Let’s talk about how we can learn to be a little more comfortable when we go through these shifts in our moods so that we don’t feel like they have so much control and power over us. And I also want to touch on the ways that we can rise above the negative mood changes that we experience and why having the tools to manage our mood is important to have at our disposal as we continue to take steps forward
towards achieving our goals, our biggest dreams and the happiness we really want in life. As we begin to focus in and narrow in on our mood management, I want to first touch on what lies at the heart of it, which is the concept of emotional intelligence.
Now this is a term that’s been around for a very long time, since the 1930s, and it’s evolved quite a bit. Early on, sociologists and psychologists dubbed emotional intelligence as nothing more than social intelligence.

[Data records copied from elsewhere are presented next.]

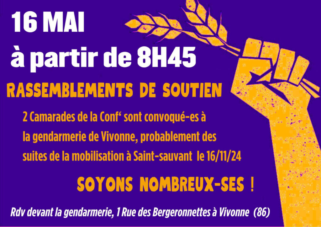 Deux camarades de la Confédération paysanne sont convoqué·es à la gendarmerie de Vivonne ce 16 mai, très probablement suite à leur participation à la mobilisation du 16 novembre 2024 à Saint-Sauvant, contre la construction de la bassine SEV14.
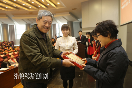 12月27日下午,清华大学2011-2012学年度优秀辅导员、学生工作助理表彰大会在主楼后厅举行。校党委书记胡和平、林枫基金捐赠人林炎志校友、校党委副书记史宗恺和副校长邱勇、校党委原书记贺美英出席大会并为获奖辅导员颁奖。
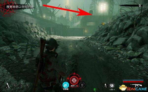 前方可以找打弹药补给,而僵尸之手就在补给箱旁边的地上。
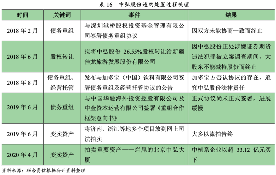 總結:違約后,中弘股份雖積極采取債務重組等多種方式自救,但重組進度極為緩慢,最終能否成功仍存在較大不確定性。目前中弘股份在建房地產項目均處于停工狀態,仍有大量債務本息逾期和訴訟、仲裁事項未能解決,最終能否順利解除債務危機仍無定論。
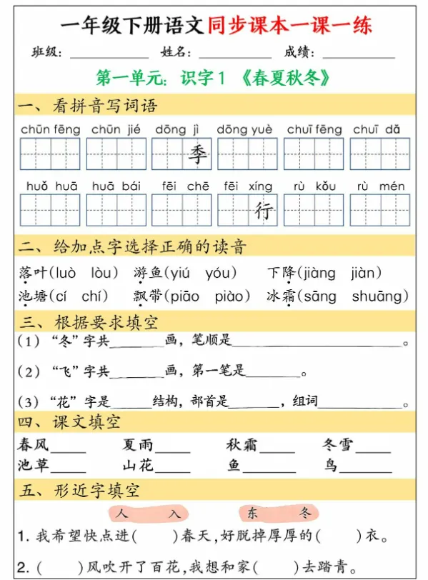 这份练习册是同步课本“一课一练”设计,覆盖一年级下册语文核心知识点,题型包含:
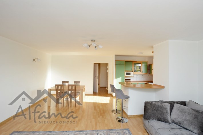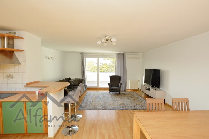 *przestronny salon połączony z jasną kuchnią (39 m2) , wyjście na słoneczny taras o powierzchni 15 m2,
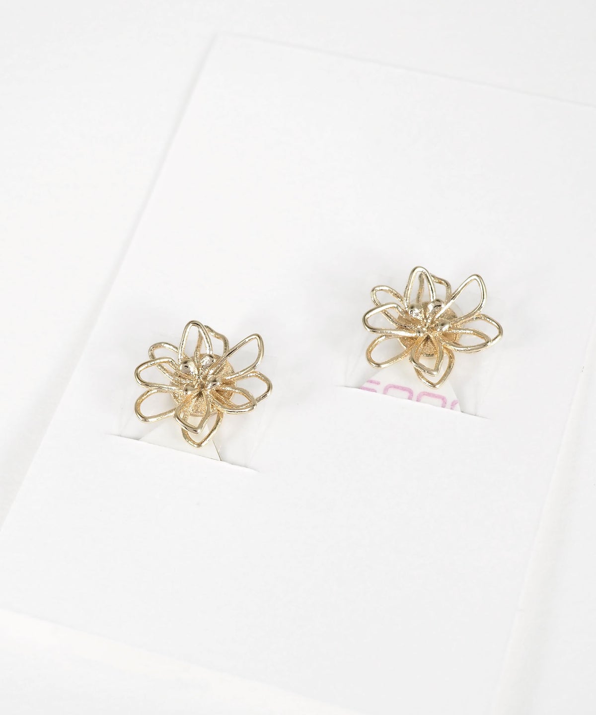 お花のシルエットを繊細なラインで描いた、フレームデザインのイヤリング。お花モチーフでも子供っぽくならず、洗練された大人の可愛さを楽しめます。
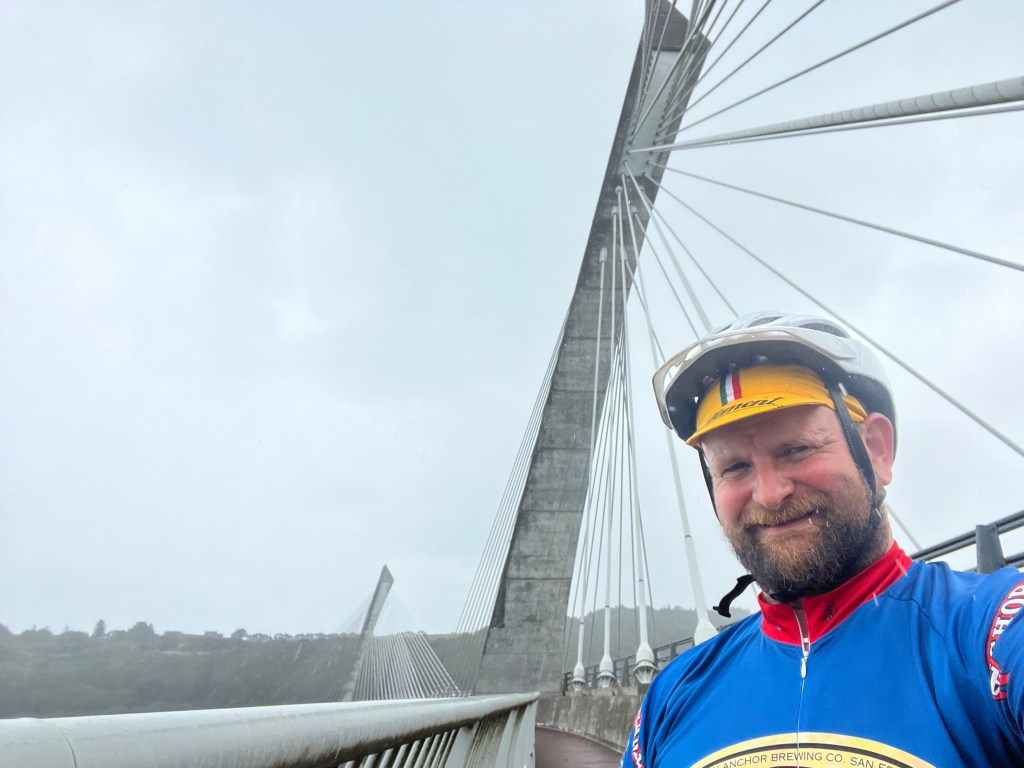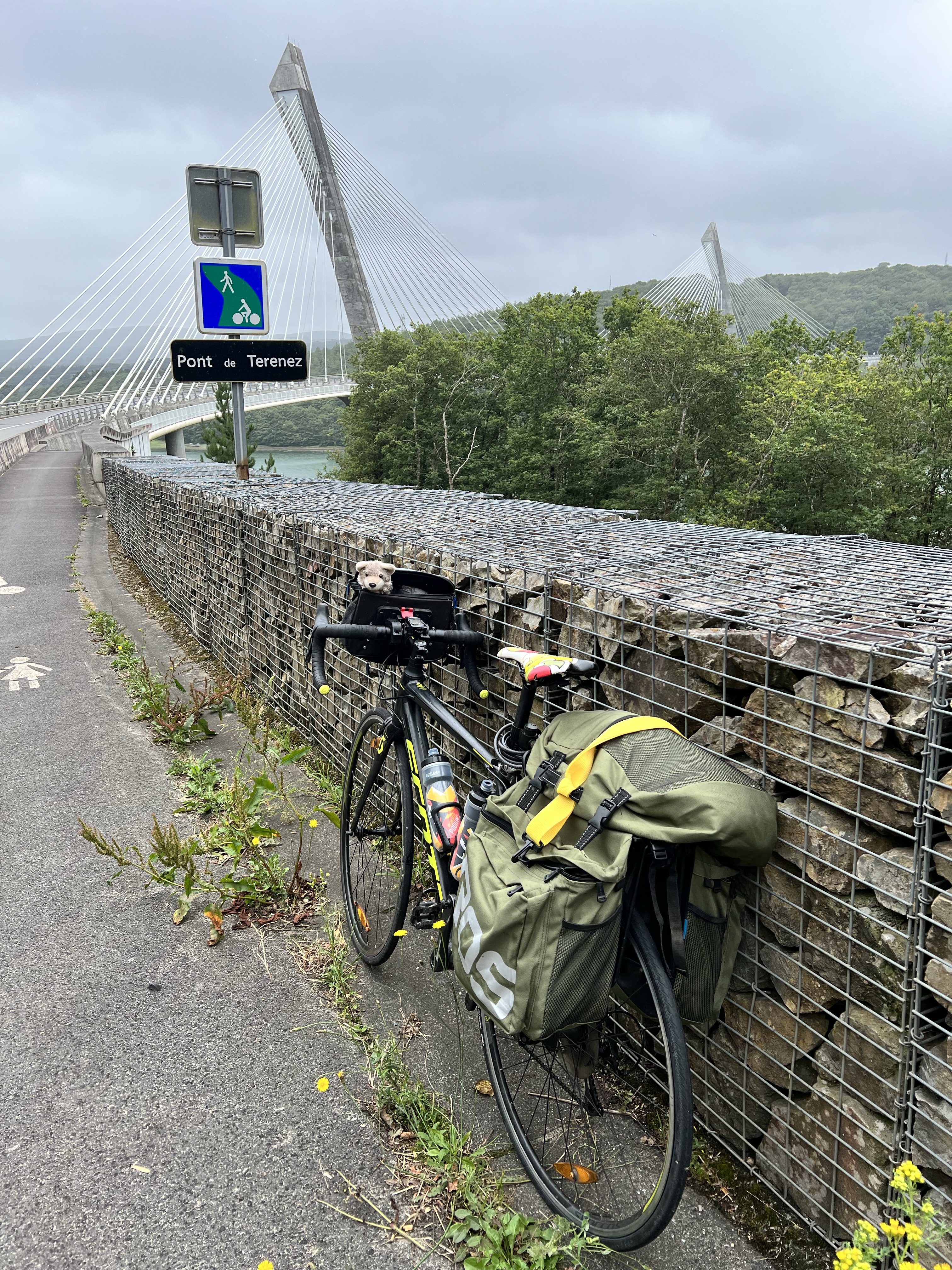 A few miles on I was approaching the Pont de Terenez, which is the bridge that connects the Crozon Peninsula to the rest of Brittany. There had been a couple of little patches of drizzle on the way but nothing major. I stopped to take a couple of photos of the bridge and as I did it started to properly come down. Not just drizzle but proper big lumps of stinging rain, rain that feels like it’s out to get you. I scurried over the bridge and started to climb up through the woods on the other side, but it didn’t relent. It had hit me at the worst possible point, on a stretch of road where the were no towns or villages or even isolated cafes to take shelter in. It was just me and the bike and the bloody weather. Eventually I found a little local cider producer who had a bar, so I hid away in there for a little while. But outside the weather didn’t improve, and I was shivering as soon as I got outside again.

But today that term encompasses a lot of other ideas. Now I know what you might be thinking. Okay, sure, All that sounds great, but what does this have to do with me? Exactly. Oftentimes we hear a term like emotional intelligence, and we think, well that has something to do with people who work in psychology or sociology, but it’s not really true. And it’s important to recognize as we move further into our chat today.
For starters, emotional intelligence in good old plain English is a combination of our self-awareness, how we recognize and understand our emotions and the ways that we react to them. It’s our self-awareness. Our self-management, which is how we manage, how we can control and adapt our emotions, our moods and responses. And our motivation, our empathy and our social skills. All of it is tied into our emotions and the way that we regulate our moods. Emotional intelligence is a gateway to the harmonious life we’re all working for. It’s that key ingredient that we need to help us
take the steps we need to take in order to lead the life we want.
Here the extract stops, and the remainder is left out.